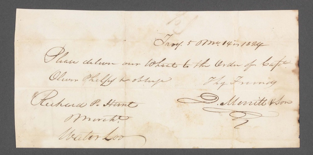 On front of document: “Troy 5 mo 14 1824 Please deliver out Wheat to the Order of Capt Oliver Phelps & oblige Thy Friends D. Merritt & Son Richard P. Hunt Mercht Waterloo” On back of document: "D. Merritt & Son Order for Wheat 5m - 14d 1824"
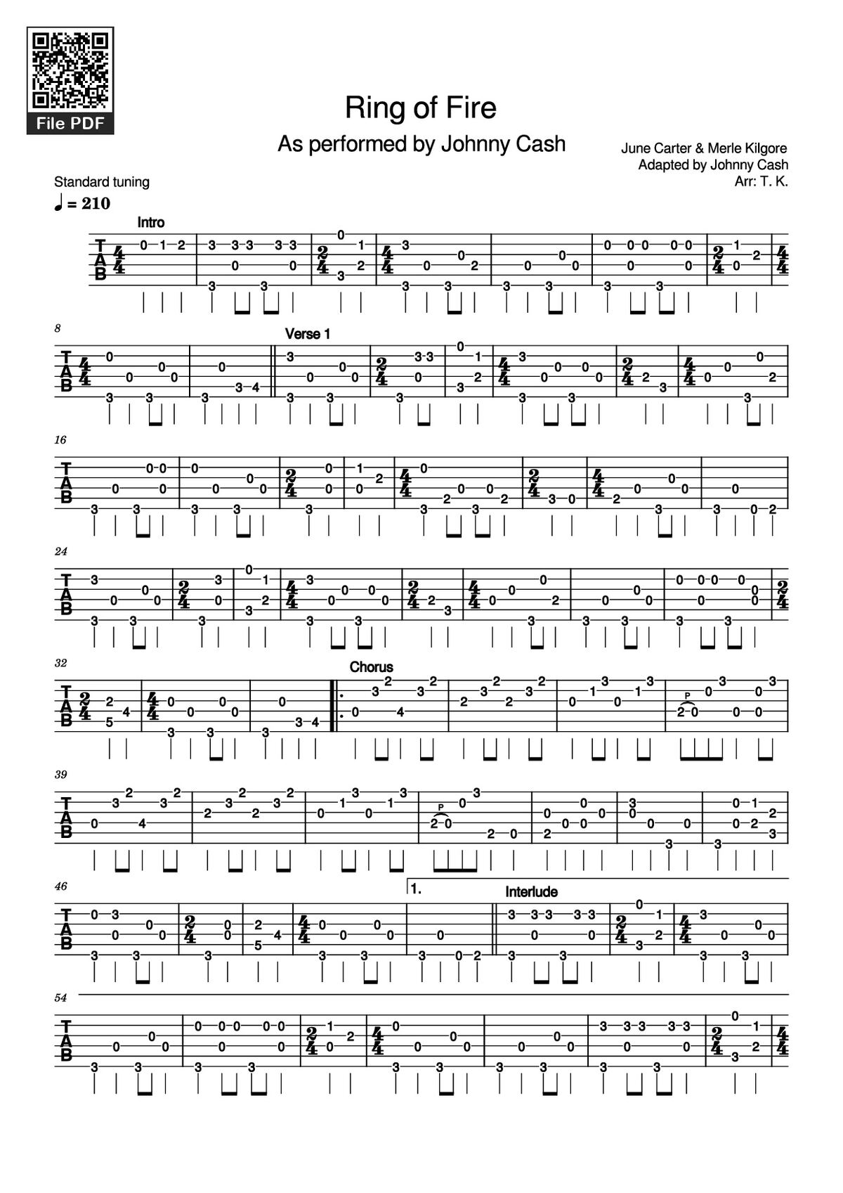 More similar sheets PDF Ring of Fire Guitar TAB:
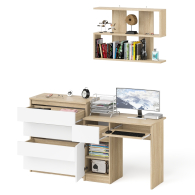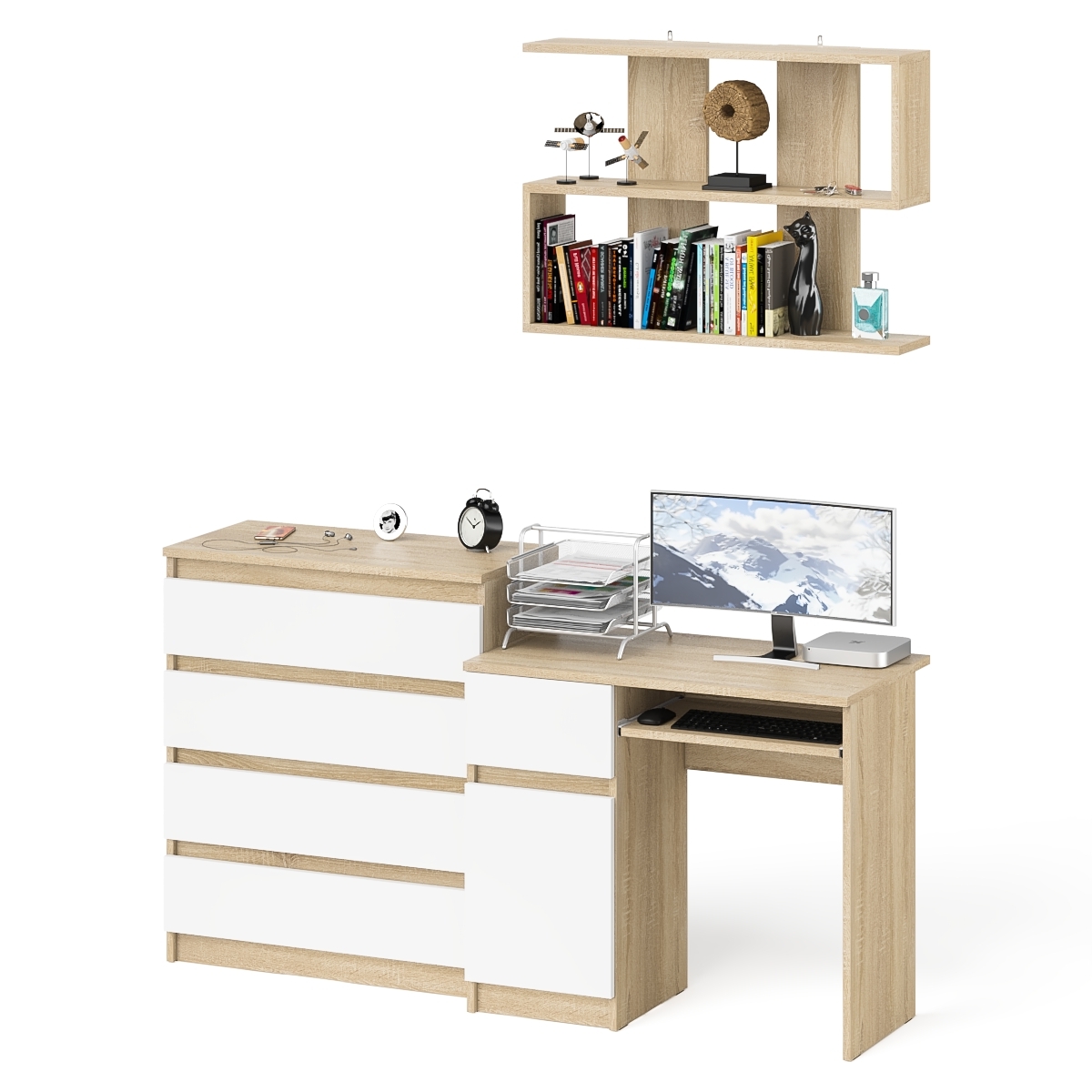 Отзывы о Столплит Комод четыре ящика Мори 800-4 со столом компьютерным с тумбой слева и полкой 900 Дуб сонома светлый/Белый

# ASSIGNED TASK:
Every line of the data is to be transcribed exactly, and no picture is to be included.

# COMPLETED TASK:
 On front of document: “Troy 5 mo 14 1824 Please deliver out Wheat to the Order of Capt Oliver Phelps & oblige Thy Friends D. Merritt & Son Richard P. Hunt Mercht Waterloo” On back of document: "D. Merritt & Son Order for Wheat 5m - 14d 1824"
 More similar sheets PDF Ring of Fire Guitar TAB:
 Отзывы о Столплит Комод четыре ящика Мори 800-4 со столом компьютерным с тумбой слева и полкой 900 Дуб сонома светлый/Белый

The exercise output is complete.